There’s just something about Dwayne Johnson. The Rock has a softness to him, a patina of soul that transcends the sum of his hardened human parts. It’s why Baywatch is more than a juiced up piece of recycled junk with swimsuits and slo-mo. The Rock’s stoic core anchors this empty vessel, and gives TV’s grand dame of syndication a chance to cruise again.

Even he knows it. In a press interview for the film’s generic sound bites, Johnson says the best thing about the movie is: ‘Me.’ Anyone else says that, and they’re a creepy egotist or Alec Baldwin in follicular topiary. Yet, Dwayne Johnson says it, and it’s a mix of swagger and silent self-deprecation that makes it entirely forgivable. Because it’s a fact.

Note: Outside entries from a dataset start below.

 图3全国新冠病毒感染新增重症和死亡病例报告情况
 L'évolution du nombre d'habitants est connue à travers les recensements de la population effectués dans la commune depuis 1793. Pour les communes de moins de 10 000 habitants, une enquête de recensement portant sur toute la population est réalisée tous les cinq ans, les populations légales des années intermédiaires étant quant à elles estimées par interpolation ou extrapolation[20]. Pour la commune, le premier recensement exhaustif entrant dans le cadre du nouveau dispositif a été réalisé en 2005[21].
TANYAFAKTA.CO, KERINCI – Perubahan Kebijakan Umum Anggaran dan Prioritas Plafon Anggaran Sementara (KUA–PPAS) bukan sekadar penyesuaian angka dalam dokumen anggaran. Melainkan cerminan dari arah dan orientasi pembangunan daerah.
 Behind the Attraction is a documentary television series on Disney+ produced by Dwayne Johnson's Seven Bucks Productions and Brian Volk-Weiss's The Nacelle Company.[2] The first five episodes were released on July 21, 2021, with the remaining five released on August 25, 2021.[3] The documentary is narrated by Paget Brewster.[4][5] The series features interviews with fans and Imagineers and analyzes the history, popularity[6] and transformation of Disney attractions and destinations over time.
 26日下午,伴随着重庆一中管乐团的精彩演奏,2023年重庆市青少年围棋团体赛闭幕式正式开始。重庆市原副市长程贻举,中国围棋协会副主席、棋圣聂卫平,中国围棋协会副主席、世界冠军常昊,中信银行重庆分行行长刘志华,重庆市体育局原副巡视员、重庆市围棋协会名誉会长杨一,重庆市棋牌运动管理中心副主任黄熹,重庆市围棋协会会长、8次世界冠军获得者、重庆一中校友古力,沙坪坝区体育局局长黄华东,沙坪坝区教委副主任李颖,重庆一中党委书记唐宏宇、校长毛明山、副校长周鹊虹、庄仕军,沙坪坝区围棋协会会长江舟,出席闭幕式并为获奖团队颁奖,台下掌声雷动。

Johnson usurps the elevated life guard chair of Mitch Buchanan, the role once occupied by none other than the Teutonic Elvis himself, David Hasselhoff. There’s a wink, a nudge, and more than a few jiggling homages to the original show birthed in 1989, and still broadcasting images of Pamela Anderson’s cleavage to the outer rims of the galaxy to this day.

Baywatch has generated billions in syndication worldwide, making it one of the most successful TV shows of all time. International audiences ate it up, with the Germans taking a particular fancy to the leading man with a homey’s last name. It wasn’t the stories about diamond smugglers and criminals that attracted foreign viewers, but the distillation of the American Dream played out on surfboards and jet-skis.

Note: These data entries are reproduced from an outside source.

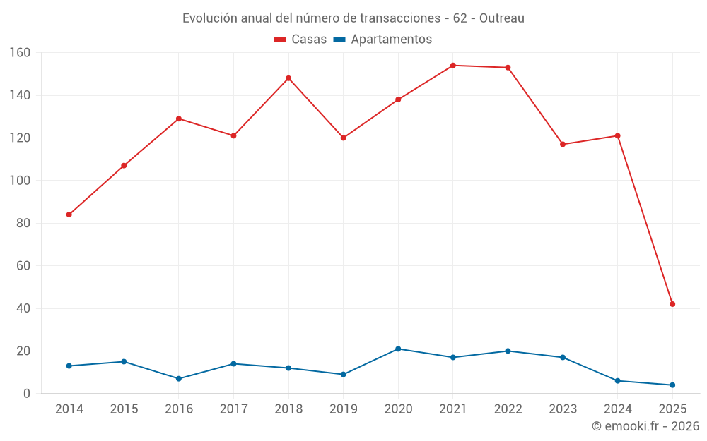 El precio mediano en las 42 transacciones de casas de los últimos 6 meses en la comuna de Outreau fue de 1 812 € por metro cuadrado para un valor patrimonial medio de 152 000 €. Durante este período el 60% de las transacciones estuvieron entre 1 306 y 2 089 € por metro cuadrado (del 2º al 8º decil).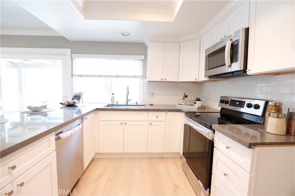 Newly renovated 3 bedroom, 2.5 bath townhome in the sought after Summertree Village community of Buena Park. This spacious two-story townhome has just been upgraded with new paint, remodeled kitchen with new quartz counter tops, cabinets, and stainless steel sink and appliances, new laminated flooring throughout, and updated bathrooms with new quartz counter tops and fixtures. Home also features a large patio and two-car detached garage located through the patio in the rear of the home. Centrally located close to many dining, shopping and entertainment options with convenient access to freeways.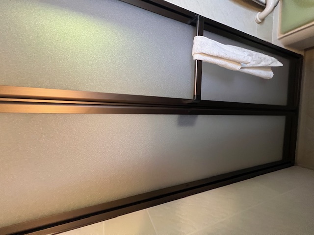 現地調査時は、浴室折れ戸の経年劣化による破損が見られました。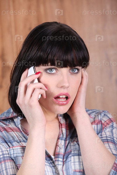 Шокированная женщина с мобильным телефоном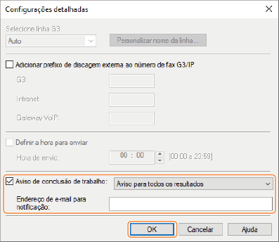 Selecione [Aviso de conclusão de trabalho], insira um endereço de e-mail em [Endereço de e-mail para notificação] e clique em [OK].
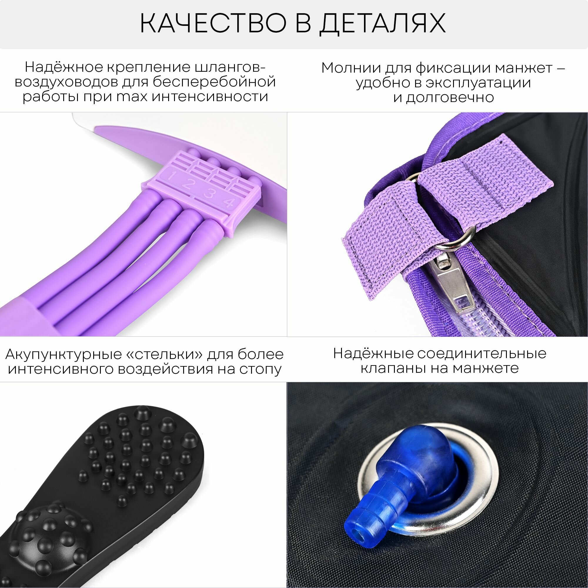 Манжеты увеличенного размера (XL-размер) с 4мя воздушными камерами в каждой обеспечивают устойчивый лимфодренажный эффект: для уменьшения отёчности в ногах, снятия усталости, улучшения кровообращения, а также борьбы с целлюлитом. Лимфодренаж является хорошей профилактикой возниконовения ранних «сосудистых звездочек» и «варикоза».

Baywatch is about good versus evil. On the beach. In bikinis and Bahama shorts — unless there’s call for the lifeguard’s dress uniform, a mix of Navy whites and male spa attendant. It’s core values served up like a vodka cooler, and director Seth Gordon understood his role as bartender: Keep it cold, and don’t run out.

The active ingredients are already in the bottle, and apparently, our eyes get a little buzzed from seeing boobs and washboard abs. That’s why they slow everything down when things get wet, because it’s safety first for Mitch and his sand-covered crew.

Without getting into the awkward loops of story that feature a sinister real estate developer (Priyanka Chopra), a geek with red Speedo aspirations (Jon Bass), and a disgraced gold medal swimmer (Zac Efron), it’s safe to say Gordon has plenty of kegs to tap. At times, perhaps, too many.

Gordon fills the frame with gorgeous people and succulent scenery, but with the exception of Johnson and Efron, the cast functions more like decorative objects than human beings — some sexy, millennial savvy staging to sell the beach house.

At some level, you get the feeling Gordon is trying to flesh out the roles of the beach babes. He gives Kelly Rohrbach, Alexandra Daddario and Ilfenesh Hadera enough screen time to develop a hint of personality, but plucky as they are, they’re the pillows on the couch.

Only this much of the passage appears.